Fig 3 — Combinational count_ones: input changes, output responds immediately
💻 Simulation Console Output
============================================================
Count-the-1s Testbench — Exhaustive 256-Vector Coverage
============================================================
— Combinational (loop, parallel, tree) —
PASS data=0x00 (00000000) → count=0
PASS data=0x20 (00100000) → count=1
PASS data=0x40 (01000000) → count=1
PASS data=0x60 (01100000) → count=2
PASS data=0x80 (10000000) → count=1
PASS data=0xA0 (10100000) → count=2
PASS data=0xC0 (11000000) → count=2
PASS data=0xE0 (11100000) → count=3
… (256 total tests, all pass) …
PASS data=0xFF (11111111) → count=8
— Serial (clocked, 8 cycles per test) —
PASS Serial data=0x00 → count=0 (done=1)
PASS Serial data=0xFF → count=8 (done=1)
PASS Serial data=0xAA → count=4 (done=1)
PASS Serial data=0x55 → count=4 (done=1)
PASS Serial data=0x01 → count=1 (done=1)
PASS Serial data=0x80 → count=1 (done=1)
PASS Serial data=0x0F → count=4 (done=1)
PASS Serial data=0xF0 → count=4 (done=1)
============================================================
RESULTS: 264 / 264 PASS | 0 FAIL
============================================================
✅ ALL TESTS PASSED — all 256 input values verified
How to Run
Compile all four modules and the testbench
# ── Icarus Verilog ──────────────────────────────────────────── iverilog -o popcount_sim \ count_ones_loop.v \ count_ones_serial.v \ count_ones_parallel.v \ count_ones_tree.v \ count_ones_tb.v vvp popcount_sim gtkwave count_ones.vcd # ── ModelSim ────────────────────────────────────────────────── vlog count_ones_loop.v count_ones_serial.v \ count_ones_parallel.v count_ones_tree.v count_ones_tb.v vsim -c count_ones_tb -do "run -all; quit -f"
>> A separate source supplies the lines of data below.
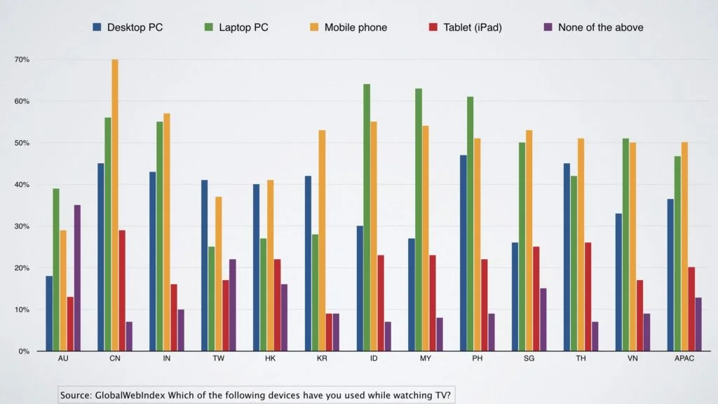 Source: GlobalWebIndex Countries like CN, HK are leading the region in terms of % of users who go online at least 1 hour per day via mobile. Nearly half of users in APAC use Mobile while watching TV as well. This brings us to the reality of a multiple-screen world.
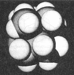 На еще более высоком уровне исследования химику захочется увидеть "реальные" межатомные расстояния, т. е. получить изображение молекулы с точными пропорциями. Такие тонкости молекулярного строения в настоящее время легко выявить, используя быстрый и довольно дешевый метод рентгеновской кристаллографии, о которой я уже рассказывал выше. В результате этого исследования химик получит еще одно изображение структуры (рис. 15.5), напоминающее произведения компьютерной графики [55].
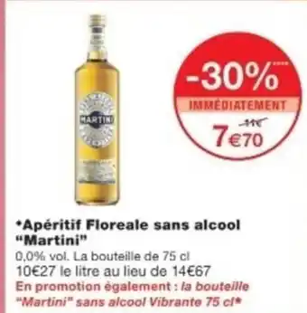 L'offre est disponible dans plusieurs magasins, vérifiez tous les produits pour obtenir le MARTINI Apéritif Floreale sans alcool le moins cher. Si vous souhaitez savoir si l'article est en vente avec une plus grosse remise dans un autre magasin, consultez la catégorie 'Supermarché'. Ces offres pourraient aussi vous intéresser : MARTINI Apéritif Floreale sans alcool, Martini - aperitif sans alcool floreale & Martini apéritif à base de vin.

🔬 Design Analysis & Comparison
| Implementation | Critical path depth | Area (adders) | Latency (cycles) | Synthesizable? | Best for |
|---|---|---|---|---|---|
| Loop (for) | O(N) — 7 adders in series | N-1 adders | 0 (combinational) | ✅ Yes | Clarity, any N via parameter |
| Serial | 1 adder (per cycle) | 1 adder + N+4 FFs | N cycles | ✅ Yes | Ultra-low area, high throughput with pipelining |
| Parallel (assign) | O(log N) after tool opt. | N-1 adders (tree) | 0 (combinational) | ✅ Yes | Concise code, trust synthesis |
| Tree adder | O(log N) — 3 levels | N-1 adders (tree) | 0 (combinational) | ✅ Yes | Maximum speed, explicit parallelism |
Critical Path Comparison — N=8
🔴 Loop (chain): 7 additions deep
d[0] → +d[1] → +d[2] → +d[3]
→ +d[4] → +d[5] → +d[6] → +d[7]
Delay = 7 × t_ADD
🟢 Tree: 3 additions deep
Stage1: 4 adds in parallel (1×t_ADD)
Stage2: 2 adds in parallel (1×t_ADD)
Stage3: 1 final add (1×t_ADD)
Delay = 3 × t_ADD = log₂(8) × t_ADD
Parameterisation to any width: All four implementations use
parameter N = 8 with parameter CNT = $clog2(N+1) to automatically derive the output width. To count 1s in a 32-bit word, instantiate with #(.N(32)) — CNT becomes 6 (to hold values 0–32), the loop runs 32 iterations, and the tree adder becomes 5 levels deep. The serial module will take 32 clock cycles. No other changes required.
Hardware instruction equivalents: The POPCNT instruction introduced in x86 SSE4.2 counts bits in a 64-bit register in a single cycle. ARM64’s CNT instruction counts bits in each byte of a vector register. These hardware instructions implement the tree adder structure in dedicated silicon — exactly what our tree implementation synthesizes to. The for-loop version, while identical in function, would produce slower hardware without synthesis optimization.